Kudos to Michelin for their handling of the PR mayhem created June 19 at the Formua One U.S. Grand Prix race. For those who aren't aware, here's the quick background:
Formula One racing has forever been the racing sport of Europe (and Asia). However, it has never really broken into the U.S. market - especially now with the mythical proportions of NASCAR. The Formula One U.S. Grand Prix in Indianapolis was being positioned as a major thrust to boost the popularity of the sport in the U.S. - and thereby bring huge buckets of sponsorship dollars. And even though it was not going to be anywhere near a NASCAR event, they had sold over 100,000 tickets.
Then, in the days before the race, several of the drivers experiences problems with their Michelin tires going around a specific turn. Michelin made a last minute plea to Formula One to allow the drivers to switch tires. Formula One refused since it's rules do not allow drivers to race on any tires other than what they qualified with. Michelin and the drivers pleaded to Formula One to modify the turn to decrease speeds. Formula One refused.
When all avenues were exhauseted, Michelin advised it's drivers not to race due to safety concerns. Subsequently, 14 of the 20 drivers in the race boycotted - starting the race and then quickly pulling off the track - leaving only 6 racers. The 100,000+ fans in the stands were horrified! Thank G-d there wasn't a riot.
Now, we have all found ourselves in positions before where things have gone horribly wrong (maybe not this bad - but none of us are perfect). Anybody out there from Snapple? Got a huge 20ft popsicle? Middle of summer in Manhattan? Oops. "cleanup on aisle 7th avenue".
This is the critical moment, though. What's happened has happened. What matters most is WHAT YOU DO NEXT. And this Formula One incident has examples of both the right and wrong way to respond.

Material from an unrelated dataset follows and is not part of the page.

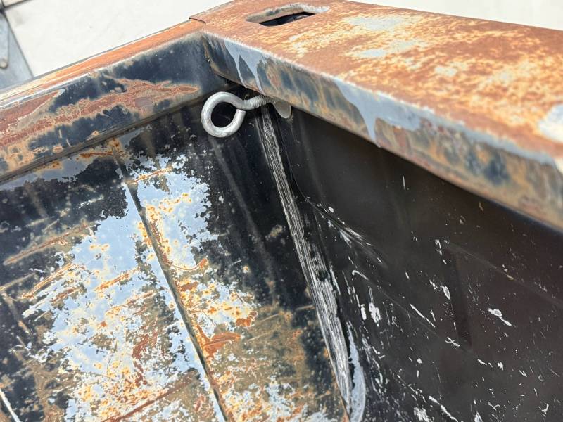 RH lens is broken. The bed interior features surface rust on the floor, two dents on the header panel, and metal eyelet loops installed on the front inner walls. A Bargman plug is located on the left inner bedside, and the floor has eight 1/4-inch holes from a previous 5th-wheel hitch.Right Hand (RH) Side:

The response of the folks at Formula One left much to be desired. They basically hung their heads low, sighed, and threw in the towel. In essence, their comment was that they were sorry it happened and are resigned to the fact that Americans will now forever hate the sport. They then packed up their Ferraris, champagne and cheese and headed back to Europe.
Michelin, on the other hand, has turned this disaster into a win. As reported on adage.com (Michelin Responds To PR Disaster), Michelin has offered refunds to every one of the 100,000+ ticket holders who were forced to watch this debacle unfold. At an average price of $100/ticket, that's over $12 million liability to Michelin. I'd like to shake the hand of the Michelin exec who had the nerves to suggest that. It couldn't have been an easy sell.
But now Michelin comes out of this as clean as one could hope for. As the only one willing to step up and address the concerns of the consumer, Michelin gets to shape the story however they want. The consumer will forget that this whole thing started because Michelin tires were failing where others were not. There would have been no concern over safety if the Michelin tires could handle the stress. Instead, the consumer will remember Michelin as the only one who was willing to stick themselves on the line in the name of safety. And not only were they willing to talk the safety talk and walk the safety walk (now I have that song "Safety Dance" going through my head), they were also willing to back it up with their wallets.
The net-net for the consumer: "Michelin would never let me put my family on unsafe tires, and they are not all about the almighty dollar" and "Boo to the European sport of Formula One Racing. Us Americans will stick to good old American NASCAR and American tires like Michelin" (even though Michelin is a French company).
Moral of the story: Sometimes a really big screw-up is really just an opportunity for a really big win.